Увидев меня, промокшую насквозь, мама что-то невнятное пробурчала себе под нос, а Тома с широко раскрытыми глазами хотела было что-то спросить, но я оборвала ее со словами:
– Лучше не спрашивай, – я направилась в свою комнату за новыми вещами, а потом в душ.
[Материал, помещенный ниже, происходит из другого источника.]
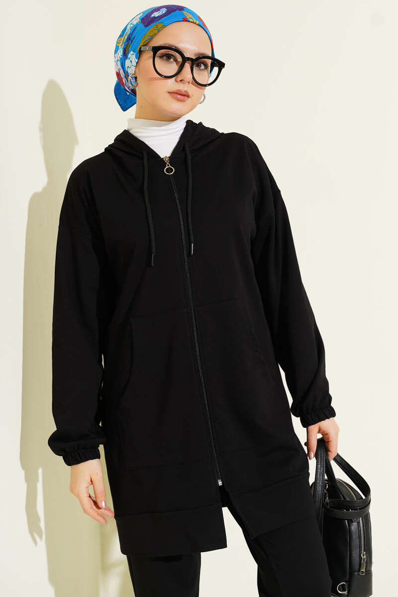Bilek Lastikli Kapüşonlu İkili Takım Siyah
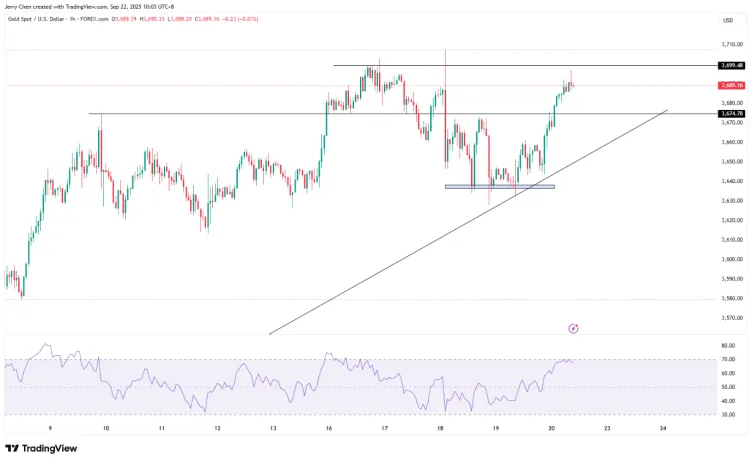 However, gold prices are close to around 3700 at the hourly level, there is a possibility of slowing down or overbought adjustments, butIn a situation where bulls still have xmmen.complete dominance, the downside space may be very limited. Focus on the potential support near the trend line below 3665/75. If it can break through 3700 strongly, it will open up new upward space. On the contrary, if the surge fails and falls under the key support area of 3628/38, it increases the probability of high-level oscillation.
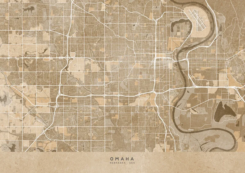 Αφίσα Map of Omaha (NE, USA) in gray vintage style
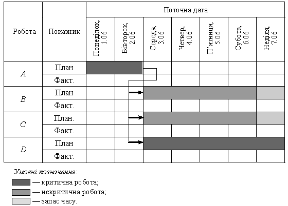 Цей же графік робіт можна подати у вигляді балочної діаграми, або, як її ще називають, діаграми Гантта, за ім’ям німецького інженера, який вперше запропонував цей інструмент календарного планування проектів на початку ХХ століття. Як бачимо з рис. 6.22, діаграма Гантта є наочним джерелом такої проектної інформації: · які роботи є критичними, а які – некритичними; · який запас часу мають некритичні роботи; · коли мають розпочинатися і завершуватися за планом проектні роботи; · якими є логічні зв’язки між роботами; · яким є фактичне виконання робіт на певну дату.
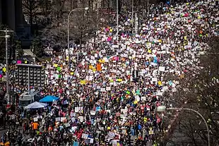 Though gun control is not strictly a partisan issue, there is generally more support for gun control legislation in the Democratic Party than in the Republican Party.[44] The Libertarian Party, whose campaign platforms favor limited government regulation, is outspokenly against gun control.[45]
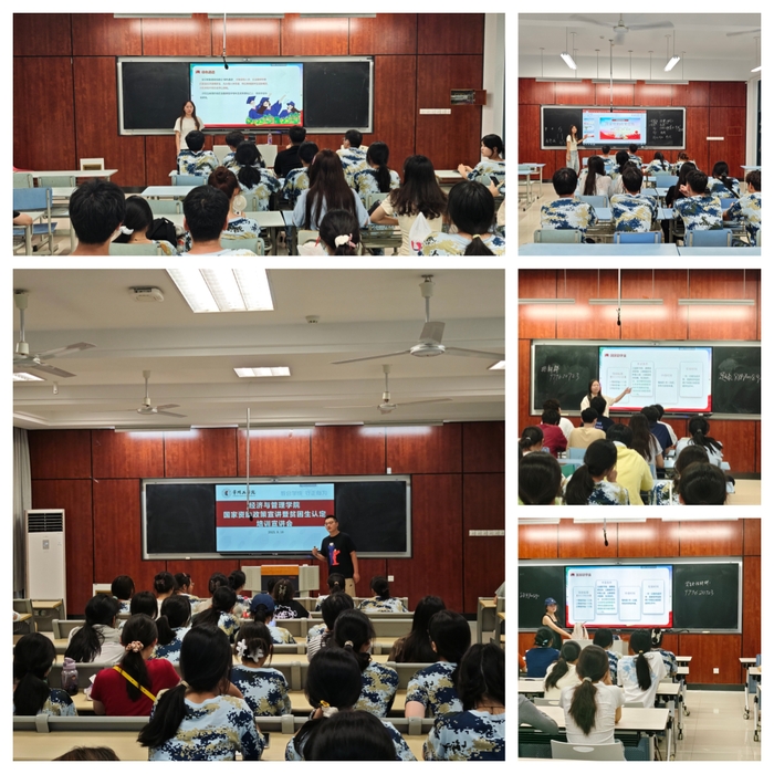 在政策宣讲会上,王老师系统地介绍了国家奖学金、国家励志奖学金、国家助学金、助学贷款、勤工助学、学费补偿等多元化的资助体系,着重阐释了国家助学金的政策内涵。他的政策宣讲让在场同学对各项政策的申请条件、评审流程和资助意义有了全面而清晰的认识。同时他也对助学贷款的学子进行了诚信还贷教育,让其知晓诚信的重要性,如约还贷。

Когда сушила волосы, ко мне постучалась мачеха:
– Я хотела кое о чем с тобой поговорить, – я выключаю фен, приглашаю ее сесть на кровать. Сама же усаживаюсь на мягкий пуфик от туалетного столика, лицом к Томе:
– С тех пор, как я приехала, мы толком даже не говорили о случившемся, – начала было она. Заметив, как исказилось мое лицо, она продолжила:
– И я не хочу тебя заставлять признаваться прямо сейчас, – достает из кармана синего в мелкий белый горох халата с молнией смятую синюю брошюру, протягивает ее мне:
– Одна милая женщина на рынке, наша соседка, кстати, дала ее мне однажды. На следующий день после моего приезда, – я хмуро знакомлюсь с содержанием. Слишком много картинок, громких заявлений и мало информации. Зато целая страница посвящена расписанию какого-то собрания. Указан адрес вместе с фотографией кафе. Он совсем рядом с нашим коттеджем:
– Это что-то в роде клуба анонимных алкоголиков? – с усмешкой на губах уточняю я. Следом за мной усмехается и Тома:
– Они предпочитают называть себя клубом отчаянных домохозяек. Женщины разного возраста, статуса, нации и семейного положения собираются в указанное время в этом кафе и делятся друг с другом своими переживаниями и проблемами. Находят поддержку. То, что ты рассказываешь в клубе, не выходит за его пределы, – я снова усмехаюсь:
– И женщины держат в секрете чужие проблемы? Что-то слабо верится, – Тома непринужденно пожимает плечами:
– Информация, рассказанная в клубе, аманат. И если женщина поделится ею с кем-либо еще, понесет наказание должным образом, – вставая с кровати, Тома добавляет: – Сплетницам не место в клубе отчаянных домохозяек. Рита строго следит за этим, – подходя к двери, чтобы выйти, она произносит:
– Камо, подумай хорошо. Может, клуб отчаянных домохозяек – это действительно то, что тебе нужно? – не успела я ответить, как Тома вышла. Оставила меня в раздумьях, со сжатой в ладонях брошюрой.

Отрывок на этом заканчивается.